■ Task instructions ■
Return all of the entries word for word, but omit the pictures they contain.

Extracted data entries:
------------------------------
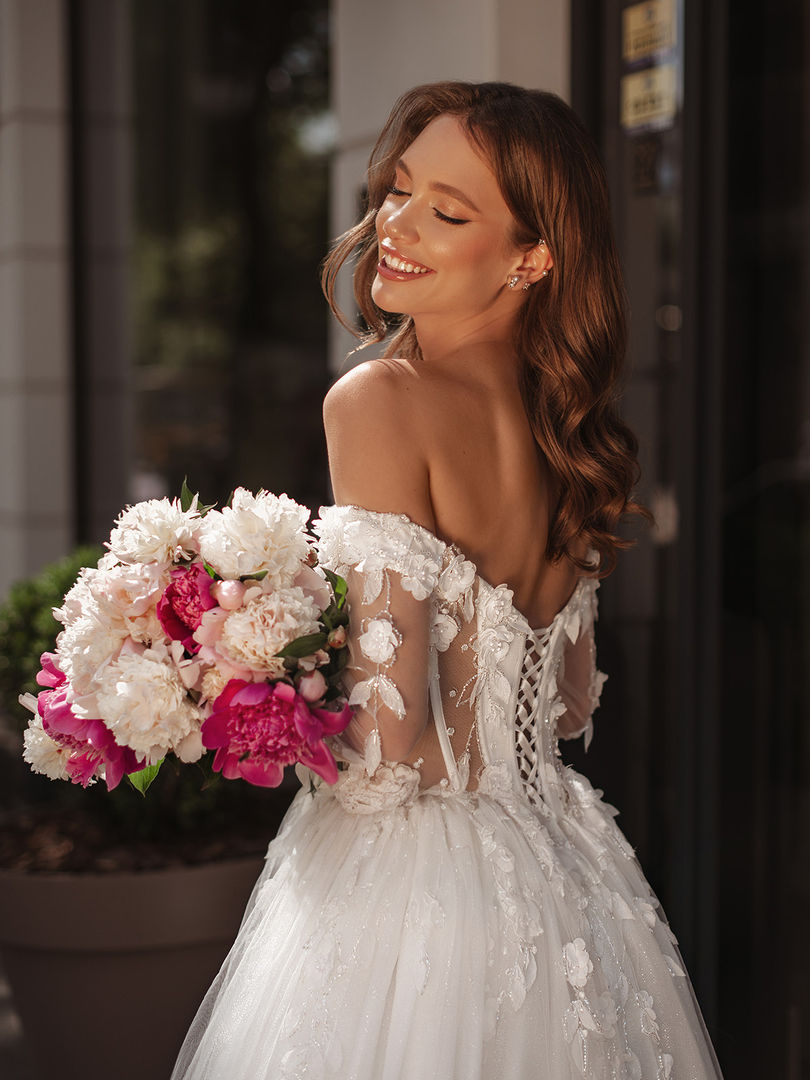 - A delicate fingertip veil to complement the lace details.
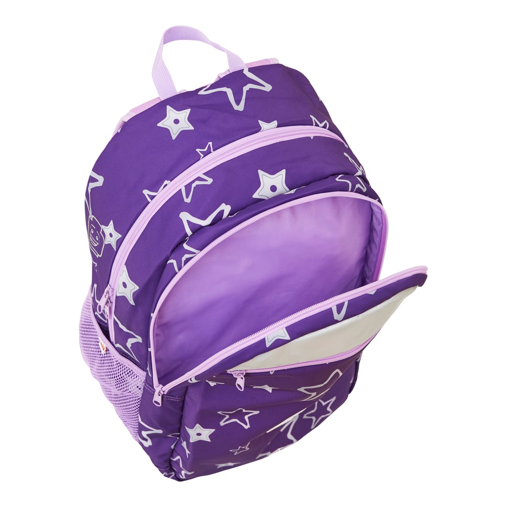 С едно голямо отделение, в което може да съберете всичко необходимо за училище, с удобните регулируеми презрамки, един допълнителен страничен джоб, два предни джоба за допълнителни пособия и лични вещи тази раница ще се превърне в едно от приятните усещания, с които децата свързват ходенето на училище. Допълнително устойчивата на мръсотия и водоотблъскваща материя, здравите ципове и ниското тегло правят раницата верен другар на ученика.
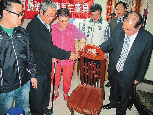 基隆市長張通榮(右)昨天將環保局的再生家具送給低收入戶,表達關懷。(圖/阮南輝攝)
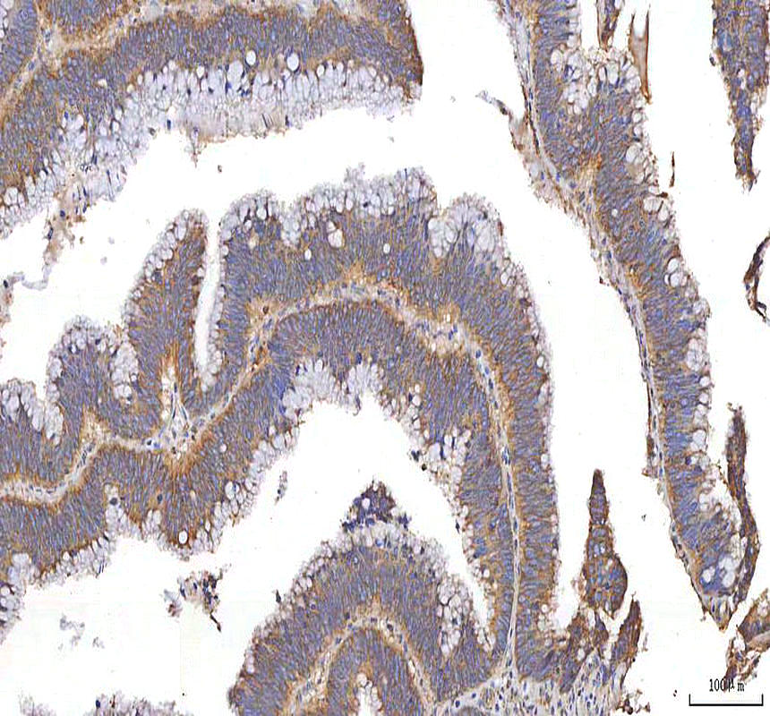 XDH was detected in a paraffin-embedded section of human colon adenocarcinoma tissue. The tissue section was developed using HRP Conjugated Rabbit IgG Super Vision Assay Kit (Catalog # SV0002) with DAB (Catalog # AR1027) as the chromogen.
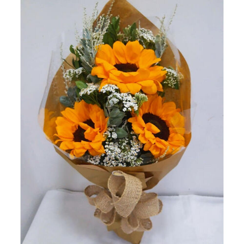 girassois - 3 un. folhagens e complementos - 1 un. embalagem para presente com laco - 1 un.
------------------------------
■ Response for this exercise ■
 - A delicate fingertip veil to complement the lace details.
 С едно голямо отделение, в което може да съберете всичко необходимо за училище, с удобните регулируеми презрамки, един допълнителен страничен джоб, два предни джоба за допълнителни пособия и лични вещи тази раница ще се превърне в едно от приятните усещания, с които децата свързват ходенето на училище. Допълнително устойчивата на мръсотия и водоотблъскваща материя, здравите ципове и ниското тегло правят раницата верен другар на ученика.
 基隆市長張通榮(右)昨天將環保局的再生家具送給低收入戶,表達關懷。(圖/阮南輝攝)
 XDH was detected in a paraffin-embedded section of human colon adenocarcinoma tissue. The tissue section was developed using HRP Conjugated Rabbit IgG Super Vision Assay Kit (Catalog # SV0002) with DAB (Catalog # AR1027) as the chromogen.
 girassois - 3 un. folhagens e complementos - 1 un. embalagem para presente com laco - 1 un.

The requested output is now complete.